*Your task*: Lines with "white" in them are to be located in the listing below and copied.

§ §

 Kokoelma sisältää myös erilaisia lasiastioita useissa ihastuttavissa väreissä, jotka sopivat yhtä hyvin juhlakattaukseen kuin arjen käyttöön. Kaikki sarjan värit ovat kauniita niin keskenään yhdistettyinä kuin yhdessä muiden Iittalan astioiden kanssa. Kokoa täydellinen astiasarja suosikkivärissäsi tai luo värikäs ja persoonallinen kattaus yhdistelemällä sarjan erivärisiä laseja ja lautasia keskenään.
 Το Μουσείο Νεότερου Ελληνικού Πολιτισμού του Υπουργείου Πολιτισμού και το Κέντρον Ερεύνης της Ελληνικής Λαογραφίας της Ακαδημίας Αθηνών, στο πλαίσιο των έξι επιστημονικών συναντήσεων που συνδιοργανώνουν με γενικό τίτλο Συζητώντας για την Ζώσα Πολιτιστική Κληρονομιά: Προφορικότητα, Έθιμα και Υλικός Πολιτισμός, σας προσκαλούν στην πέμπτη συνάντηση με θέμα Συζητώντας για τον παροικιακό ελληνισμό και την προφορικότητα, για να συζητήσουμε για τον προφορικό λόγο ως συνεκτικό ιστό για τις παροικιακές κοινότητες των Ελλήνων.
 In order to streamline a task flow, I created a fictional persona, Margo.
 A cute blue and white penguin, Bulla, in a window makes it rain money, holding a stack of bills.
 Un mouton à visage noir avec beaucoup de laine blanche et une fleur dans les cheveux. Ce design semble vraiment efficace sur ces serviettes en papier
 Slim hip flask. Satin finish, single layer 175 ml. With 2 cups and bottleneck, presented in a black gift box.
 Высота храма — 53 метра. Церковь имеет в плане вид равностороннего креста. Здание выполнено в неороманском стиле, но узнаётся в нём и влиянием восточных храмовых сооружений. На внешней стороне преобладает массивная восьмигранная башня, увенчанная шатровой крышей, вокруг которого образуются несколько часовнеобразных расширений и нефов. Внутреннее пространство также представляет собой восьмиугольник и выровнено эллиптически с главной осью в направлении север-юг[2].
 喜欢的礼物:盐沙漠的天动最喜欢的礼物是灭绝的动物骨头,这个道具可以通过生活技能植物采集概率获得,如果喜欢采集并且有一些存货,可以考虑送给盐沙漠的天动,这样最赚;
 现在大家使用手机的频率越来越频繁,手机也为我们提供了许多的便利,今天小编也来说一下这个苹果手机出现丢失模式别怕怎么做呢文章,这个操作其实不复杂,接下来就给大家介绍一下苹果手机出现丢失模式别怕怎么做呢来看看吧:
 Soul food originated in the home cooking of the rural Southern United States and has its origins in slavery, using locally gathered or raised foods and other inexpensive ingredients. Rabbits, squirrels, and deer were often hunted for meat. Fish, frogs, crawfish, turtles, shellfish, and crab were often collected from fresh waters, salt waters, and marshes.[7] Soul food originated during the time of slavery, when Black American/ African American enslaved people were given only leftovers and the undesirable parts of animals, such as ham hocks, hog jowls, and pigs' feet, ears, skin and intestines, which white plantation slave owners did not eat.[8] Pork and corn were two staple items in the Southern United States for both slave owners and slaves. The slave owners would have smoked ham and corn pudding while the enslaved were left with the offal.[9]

§ §

*Your response*:
 A cute blue and white penguin, Bulla, in a window makes it rain money, holding a stack of bills.
 Soul food originated in the home cooking of the rural Southern United States and has its origins in slavery, using locally gathered or raised foods and other inexpensive ingredients. Rabbits, squirrels, and deer were often hunted for meat. Fish, frogs, crawfish, turtles, shellfish, and crab were often collected from fresh waters, salt waters, and marshes.[7] Soul food originated during the time of slavery, when Black American/ African American enslaved people were given only leftovers and the undesirable parts of animals, such as ham hocks, hog jowls, and pigs' feet, ears, skin and intestines, which white plantation slave owners did not eat.[8] Pork and corn were two staple items in the Southern United States for both slave owners and slaves. The slave owners would have smoked ham and corn pudding while the enslaved were left with the offal.[9]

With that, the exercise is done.